🧮 Fine-tuning embeddings for better similarity search

In this use case, we show you how to fine-tune embeddings on your own data for better similarity search using Kern refinery and Quaterion. This repository is accompanied by a blog post article that gives additional insights into this use case.

You can import the AG_news_project_snapshot.json.zip on the start screen of the application (https://localhost:4455)

Data

We use a publicly available dataset for demonstration purposes, namely the AG News Classification Dataset from Kaggle. The data is already labeled, which is not a problem for this sample project as it can help us assess the quality of our labeling (or we could find labeling mistakes in the original data 😉). We also limit ourselves to 20.000 records for faster processing.

Project settings

We have English text, so we use the English tokenizer en_core_web_sm. For the generation of embeddings we just use distilbert-base-uncased from 🤗 Hugging Face.

Labels

The goal is to classify the shortened news article into one of four categories:

World
Sports
Business
Sci/Tech

These categories therefore represent our four possible labels for the classification labeling task Topic. The additional two information extraction labeling tasks Title Topic and Description Topic help us in building an understanding of what contributed to our labeling decision. They also automatically build up the lookup lists that we will use for our heuristics later.

`Topic` heuristics

The most trivial heuristics we can use are keyword lookups, one for each label. One could also merge them into a single labeling function, but that would make it harder to validate and debug.

Take a look at the example of sport_lookup:

from knowledge import sports # this is how to use lookup lists inside the kern refinery
# sports =  ["games", "final", "injury", "medal", "olympics", ...]
def sport_lookup(record):
    for term in sports:
        if(term.lower() in record["Title"].text.lower()):
            return "Sports"
        elif(term.lower() in record["Description"].text.lower()):
            return "Sports"

We also registered an Active Learner called DistilbertClassifier:

from sklearn.linear_model import LogisticRegression
class DistilbertClassifier(LearningClassifier):
    def __init__(self):
        self.model = LogisticRegression()
    @params_fit(
        embedding_name = "Description-classification-distilbert-base-uncased",
        train_test_split = 0.5 # we currently have this fixed, but you'll soon be able to specify this individually!
    )
    def fit(self, embeddings, labels):
        self.model.fit(embeddings, labels)
    @params_inference(
        min_confidence = 0.8,
        label_names = None # you can specify a list to filter the predictions (e.g. ["label-a", "label-b"])
    )
    def predict_proba(self, embeddings):
        return self.model.predict_proba(embeddings)

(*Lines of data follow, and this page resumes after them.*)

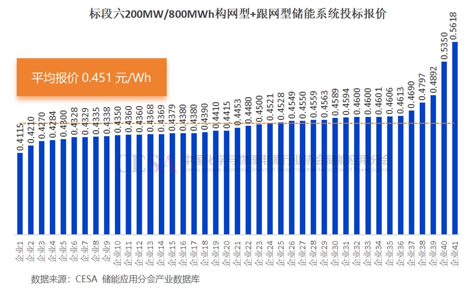 共41家企業(yè)參與競標,投標報價在0.427-0.5618元/Wh區(qū)間內(nèi),均價0.451元/Wh。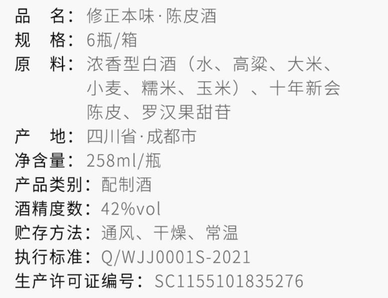 9月16日,修正发布消息,修正本味陈皮酒正式上市发售,该酒打造药食同源理念,为42度花果型浓香配制酒,基酒采用来自四川邛崃五粮白酒产区,精选十年新会陈皮和罗汉果甜苷入酒。陈皮的橘香融入酒中,降低了白酒的辛辣之味,为传统浓香川酒,增添了一丝清雅。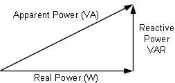 三這之間的關係為:表現功率2=實際功率2+反應功率2 這種表示式稱為電功率三角形。用向量來表示:實際電功率是水平向量,而反應電功率為鉛直電功率。 實際電功率與反應電功率可以用表現電功率來表示,即:實際電功率=表現功率*cos(θ) 反應電功率=表現功率*sin(θ) 實際電功率與表現電功率的比值稱為電功率因子,是介於0到1的數。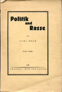 Helm, Carl: Politik und Rasse. 2. Auflage. Wien und Leipzig: C. W. Stern 1932. Gr.-8°. 200 S., broschiert (private Widmung des Autors auf Titelblatt; Umschlag mit leichten Randläsuren, wenig abgegriffen und kleinen Einrissen im Gelenk; wenig Bleistiftanstreichungen)

Here we use the Description-classification-distilbert-base-uncased because we suspect the description to hold more valuable information than the title. The cleanest way would probably be to use the embedding of a proxy attribute where title and description are concatenated, but for the sake of simplicity, we are keeping it at the description only.

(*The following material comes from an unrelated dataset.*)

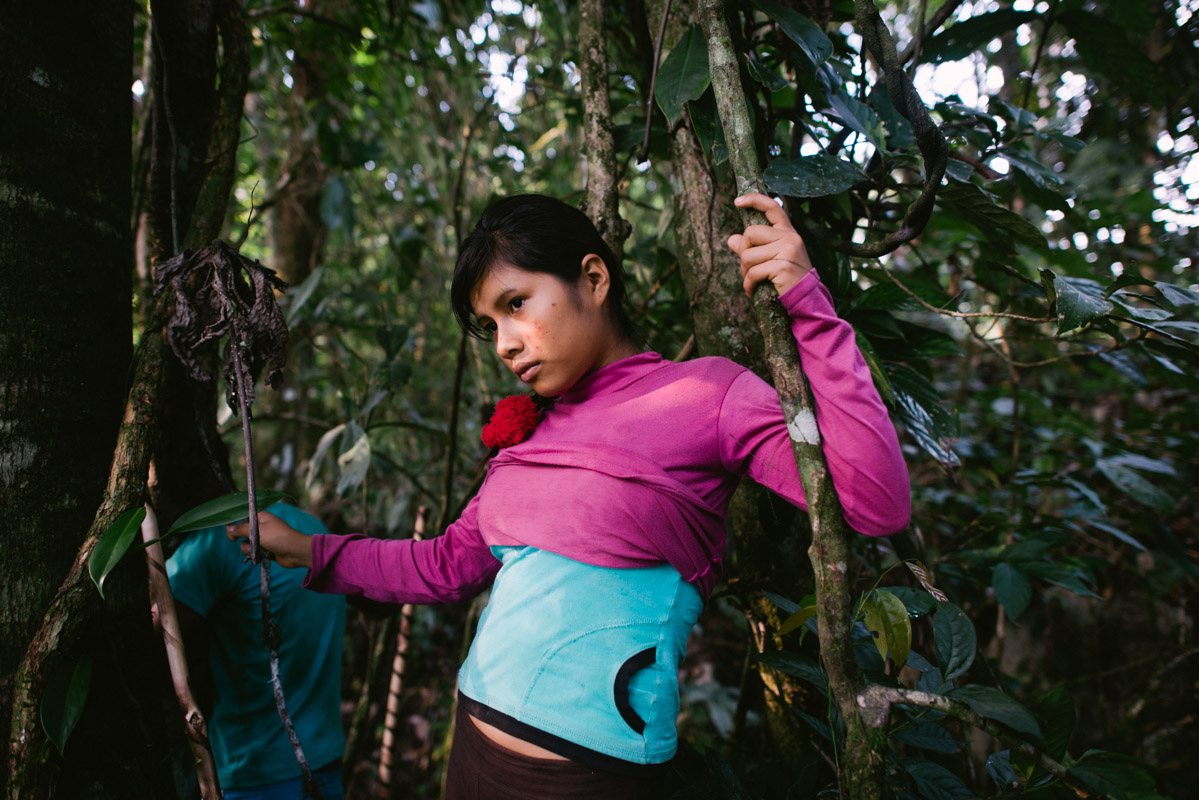 A girl looks at the sunrise during the ritual to become a visionary warrior. “Our ancestors noticed that the animals speak and even the earth moves and they asked where do these animals come from? What is the origin of the air we breathe, who looks after the trees? What is the origin of life?”, -tells Andres Noningo, member of the Council of the Elders of the Wampis nation.

We end up with the following heuristics:

Labeling workflow and weak supervision

The labeling workflow is rarely linear and more often an iterative process of labeling, writing heuristics, validating heuristics, re-labeling, applying weak supervision, validating the results, and much more.

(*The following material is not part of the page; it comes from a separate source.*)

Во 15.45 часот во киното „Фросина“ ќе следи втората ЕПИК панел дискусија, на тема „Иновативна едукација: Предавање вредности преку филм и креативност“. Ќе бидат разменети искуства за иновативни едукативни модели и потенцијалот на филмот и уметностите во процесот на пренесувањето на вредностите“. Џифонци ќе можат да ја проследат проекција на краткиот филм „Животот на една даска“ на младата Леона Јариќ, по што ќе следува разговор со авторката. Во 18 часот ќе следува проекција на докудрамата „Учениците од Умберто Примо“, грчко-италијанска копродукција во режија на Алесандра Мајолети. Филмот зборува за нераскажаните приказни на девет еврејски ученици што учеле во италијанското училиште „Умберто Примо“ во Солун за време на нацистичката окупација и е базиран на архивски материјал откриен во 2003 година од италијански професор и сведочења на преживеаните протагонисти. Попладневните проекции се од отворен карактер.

In this example, we first labeled around 250 records to get a feeling for the data and build up the lookup lists. After that, we added the heuristics, namely the lookup functions and the active learner. We then validated the heuristics in the data browser by inspecting conflicts and removing confusing keywords from the respective lookup lists. Once we were relatively satisfied with the results, we ran the weak supervision and looked at the confusion matrix.

For this end-to-end use case, we are satisfied with the accuracy and can advance to the next step towards our fine-tuned similarity search.

Data Export and Quaterion format

Export (see data_preprocessing.ipynb for full code)

We could use the in-app functionality of exporting our data, but we wouldn't be developers if we weren't committed to eliminating every second of manual labor 😉. That is why we will export it using the refinery SDK, which can be easily installed with pip.

$ pip install python-refinery-sdk

After that, we can simply fetch our data using the following code:

from refinery import Client
# if you don't want these in your code, please visit the refinery sdk repo 
user_name = "your-username"
password = "your-password"
project_id = "your-project-id" # can be found in the URL of the web application
# if you run the application locally, use "https://localhost:4455" as the uri
client = Client(user_name, password, project_id, uri="https://app.kern.ai/")
df = client.get_record_export(tokenize=False)

Before we continue with Quaterion, we must have to select the data that is labeled to our specifications, namely either have a manual label or weakly supervised label with a confidence above 0.7 (you can use any other threshold, of course. See at the bottom of this README why we decided to go for 0.7):

filtered_df = df[
    (df["__Topic__WEAK_SUPERVISION__confidence"].astype(float) > 0.7) # either threshold WS label
    | ~(df["__Topic__MANUAL"].isnull()) # or manual label
    ]

This filter leaves us with 10.854 records for further processing.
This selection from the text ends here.